It is a dynamic error (err:XC0010)
if an encoding of base64 is specified and
the character set is not specified or if the specified
character set is not supported by the implementation.
The octet-stream that results from decoding the
text must be interpreted using the character encoding named by
the value of the charset option
to produce a sequence of Unicode characters to parse.
If no encoding is specified, the character set
is ignored, irrespective of where it was specified.
For example, with the 'namespace' option set to the XHTML
namespace, the following input:
<description>
<p>This is a chunk.</p>
<p>This is a another chunk.</p>
</description>
would produce:
<description>
<p xmlns="http://www.w3.org/1999/xhtml">This is a chunk.</p>
<p xmlns="http://www.w3.org/1999/xhtml">This is a another chunk.</p>
</description>
2.1.29 p:unwrap
The p:unwrap step replaces matched elements with their
children.
The value of the match option must be an
XSLTMatchPattern. It is a dynamic
error (err:XC0023) if that pattern matches anything other than element
nodes.
Every element in the source document that matches
the specified match pattern is replaced by its children,
effectively “unwrapping” the children from their parent. Non-element nodes
and unmatched elements are passed through unchanged.
Note
The matching applies to the entire document, not just the “top-most”
matches. A pattern of the form h:div will replace
allh:div elements, not just the top-most
ones.
This step produces a single document; if the document element is
unwrapped, the result might not be well-formed XML.
2.1.30 p:wrap
The p:wrap step wraps matching nodes in the
source document with a new parent element.
The value of the wrapper option
must be a QName. If the lexical value
does not contain a colon, then the wrapper-namespace
may be used to specify the namespace of the wrapper. In that case, the
wrapper-prefix may be specified to suggest a
prefix for the wrapper element.
It is a dynamic error (err:XD0034)
to specify a new namespace or prefix if the lexical value of the specified
name contains a colon.
The value of the match option
must be an XSLTMatchPattern.

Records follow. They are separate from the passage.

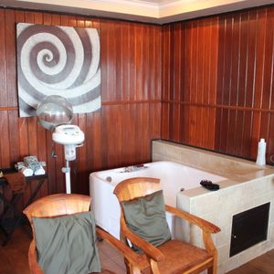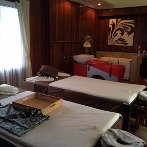 家内と二人でバリに着いた日に受けました。いくつか選択できて、私たちは、①バリニーズ真マッサージ60分 ②ストーンマッサージ45分 ③フラワーバス30分 ④クリームバス60分 ⑤食事(焼きそば、エビ、チキン、ライス、パパイヤジュース、フルーツ各種のデザート)の内容でとっても満足できました。超お勧めです。
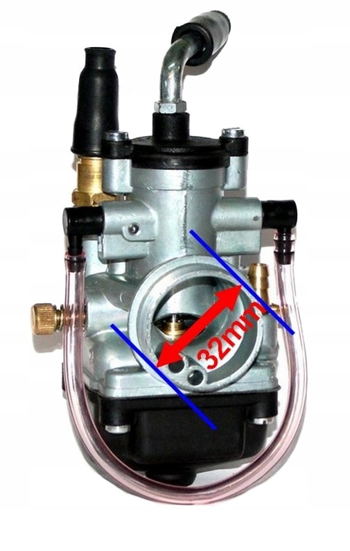 Диаметр горловины карбюратора 21мм! Диаметр воздуховыпускного отверстия 25 мм. Диаметр воздухозаборника до уменьшения 32 мм, после уменьшения 60 мм. Редукция позволяет установить воздушный фильтр большего размера, но его также можно открутить. Увеличенные внутренние каналы позволяют улучшить параметры работы двигателя, что увеличивает ускорение и максимальную скорость автомобиля. В комплекте 7 тюнинговых форсунок -0,75 - 0,80 - 0,85 - 0,90 - 0,95 - 1,00 - 1,05 (одна из них уже вкручена в карбюратор). Отличное качество изготовления! Отличная замена заводскому карбюратору. Он также идеально подходит для настройки цилиндров. Карбюратор имеет возможность подключения вакуумной линии от топливного крана и линии маслораздачи (масляного насоса). Карбюратор имеет два патрубка для вентиляции поплавковой камеры
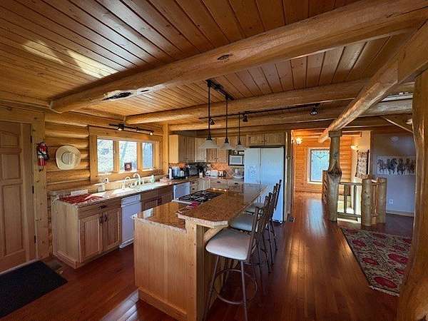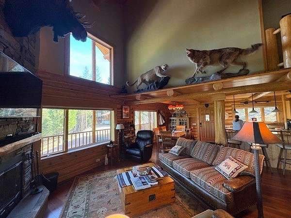 STUNNING VIEWS from this Custom built log home with views of both the Swan and Mission mountain ranges. No detail was spared when designing this 3 bedroom, 3 bathroom home. The main floor is a spacious, open concept floorplan and includes a kitchen with granite countertops and large island with range, living area with floor to ceiling fireplace and opens to the dining area. A full bath, laundry and bedroom are all on the main floor as well. The upstairs includes a large loft great for office or crafting space and the primary suite which includes separate shower and soaking tub. The walk out basement includes a bedroom, bathroom and storage. The tuck under garage is over-sized, features a laundry sink and is heated. There is a spacious toy barn and attached parking space that is a great asset to the property as the home is conveniently located to all that the area has to offer for outdoor sports and entertaining which includes snowmobiling, hunting, fishing, boating, hiking and more just minutes away. Enjoy Seeley, Salmon and other local lakes as well as the Clearwater and Blackfoot rivers and the Bob Marshall wilderness.
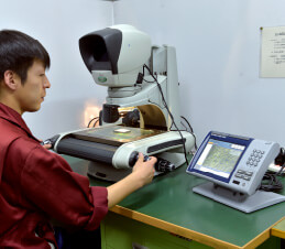 そして検査室にはCNC三次元測定機をはじめ画像測定器、測定顕微鏡、真円度測定器、表面粗さ測定器などの各種計測機器を設備。私たちの高精度主義を完結するために、各工程で逐一ミクロン単位の誤差と向かい合っている。

It
is a dynamic error (err:XC0023) if the pattern matches
anything other than document, element, text, processing instruction, and comment
nodes.
The value of the group-adjacent option
must be an XPathExpression.
If the node matched is the document node (match="/"),
the result is a new document where the document element is a new
element node whose QName is the value specified in the
wrapper option. That new element contains copies of
all of the children of the original document node.
When the match pattern does not match the document node,
every node that matches the specified match
pattern is replaced with a new element node whose QName is the value
specified in the wrapper option.
The content of that new element is a copy of the original,
matching node. The p:wrap step performs a "deep" wrapping, the children
of the matching node and their descendants are processed and wrappers
are added to all matching nodes.
The group-adjacent option can be used to group
adjacent matching nodes in a single wrapper element. The specified
XPath expression is evaluated for each matching node with that node
as the XPath context node. Whenever two or more adjacent matching nodes
have the same “group adjacent” value, they are wrapped together in
a single wrapper element.
Two matching nodes are considered adjacent if and only if they
are siblings and either there are no nodes between them or all
intervening, non-matching nodes are whitespace text, comment, or processing
instruction nodes.
2.1.31 p:wrap-sequence
The p:wrap-sequence step accepts a sequence of
documents and produces either a single document or a new sequence of
documents.
The value of the wrapper option
must be a QName. If the lexical value
does not contain a colon, then the wrapper-namespace
may be used to specify the namespace of the wrapper. In that case, the
wrapper-prefix may be specified to suggest a
prefix for the wrapper element.
It is a dynamic error (err:XD0034)
to specify a new namespace or prefix if the lexical value of the specified
name contains a colon.
The value of the group-adjacent option
must be an XPathExpression.
In its simplest form, p:wrap-sequence takes a
sequence of documents and produces a single, new document by placing
each document in the source sequence inside a new
document element as sequential siblings. The name of the document
element is the value specified in the wrapper
option.
The group-adjacent option can be used to group
adjacent documents.
The
XPath
contextXP for the
group-adjacent option changes over time. For each document that
appears on the source port, the expression is evaluated
with that document as the context document. The context position
(position()) is the position of that document within the
sequence and the context size (last()) is the total
number of documents in the sequence.
Whenever
two or more sequentially adjacent documents have the same “group
adjacent” value, they are wrapped together in a single wrapper
element.
2.1.32 p:xinclude
The p:xinclude step applies [XInclude] processing to the source document.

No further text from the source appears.